Affinity propagation clustering of Drosophila melanogaster neurons

Supporting information for Costa et al. (2014) NBLAST: Rapid, sensitive comparison of neuronal structure and construction of neuron family databases.

We have used affinity propagation clustering of our NBLAST scores to cluster the full FlyCircuit dataset of 16,129 neurons into 1,052 distinct clusters of highly related neurons. These clusters have been organised into superclusters, enabling both exploration of the dataset and the matching of individual clusters to morphological types reported in the literature, with these webpages being provided as a tool to enable this exploration. Each supercluster is detailed on its own page, linked to by the images below. These pages provide an interactive 3D model of each supercluster with links to pages detailing the clusters contained within. Interactive 3D models of each individual cluster are provided on these pages, as well as information on the constituent neurons and similar clusters as determined by NBLAST.

Data

Raw data were provided by flycircuit.tw as described in Three-Dimensional Reconstruction of Brain-wide Wiring Networks in Drosophila at Single-Cell Resolution by Ann-Shyn Chiang et al.

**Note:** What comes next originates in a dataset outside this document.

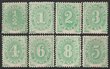 1902 Blank Base set ½d to 5/- green, wmk Crown NSW, perf 11½-12. VF fresh M/MLH, with bright colours. Scott J1-J8 cat US$583. SG D1-D8 cat £650. Unusually nice set. (8) (P) |

These were then registered into a common template space and downsampled by a factor of 2 in x and y, binarized with a threshold of 1 and then skeletonized using the Fiji plugin 'Skeletonize (2D/3D)'. Dot properties for each neuron skeleton were extracted following the method we have previously described in Masse et al. (2012), using the dotprops function of our new nat package for R.

Software

3D visualisation and analysis was performed using our open-source R package, nat. NBLAST is implemented in a further open-source R package, nat.nblast. Analysis code specific to the FlyCircuit dataset is available in a dedicated R package, flycircuit, with a package vignette showcasing the main tools that we have developed.